I hate Emojis. I’m sorry, I do. So I decided to make my own. Automatically.

# Strike a POS!

The idea is to take a given piece of text, and replace some words automatically with custom-made emojis, which are basically images. Let’s worry about finding images for our emojis later. Now, suppose you have a text, e.g. a WhatsApp correspondence between you and a friend. Which words will be replaced by emojis, and which won’t?

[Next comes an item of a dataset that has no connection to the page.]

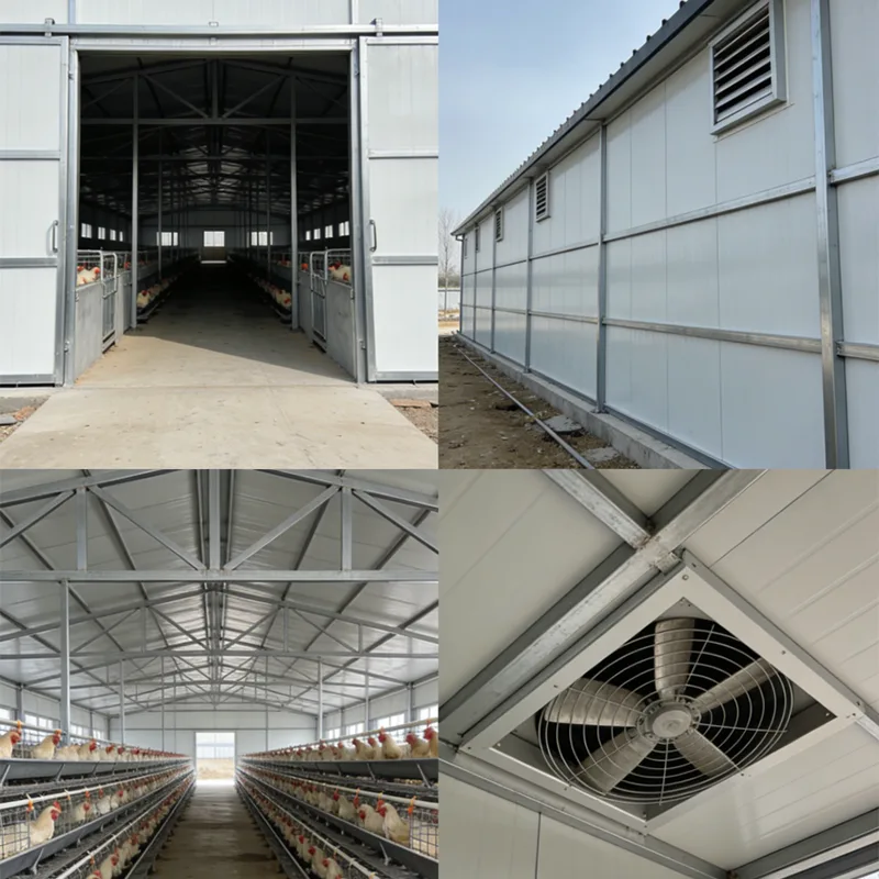 • تكوينات مصممة:تخصيص مواد العزل (للحفاظ على درجة حرارة ثابتة)، وأنظمة التهوية والتحكم في درجة الحرارة، وأنواع الأرضيات، وأقسام الأقلام، وقنوات تصريف السماد، وممرات التغذية، والأبواب/النوافذ المضادة للوباء بناءً على احتياجاتك الفعلية.

An emoji would probably replace a noun (e.g. “cat” in “did you remember to feed the cat?”), sometimes an adverb (e.g. “sick” in “I feel sick”). So we’re going to identify nouns! This process is called “Part Of Speech Tagging” or POS Tagging for short. In R, there are several ways to do this off-shelf. I’m going to go with the NLP and openNLP libraries. Let’s see how it is done using a Dumbledore quote, and a simple function I modified a bit from here:

library(NLP)
library(openNLP)

dumbledore <- "Happiness can be found even in the darkest of times, if one only remembers to turn on the light."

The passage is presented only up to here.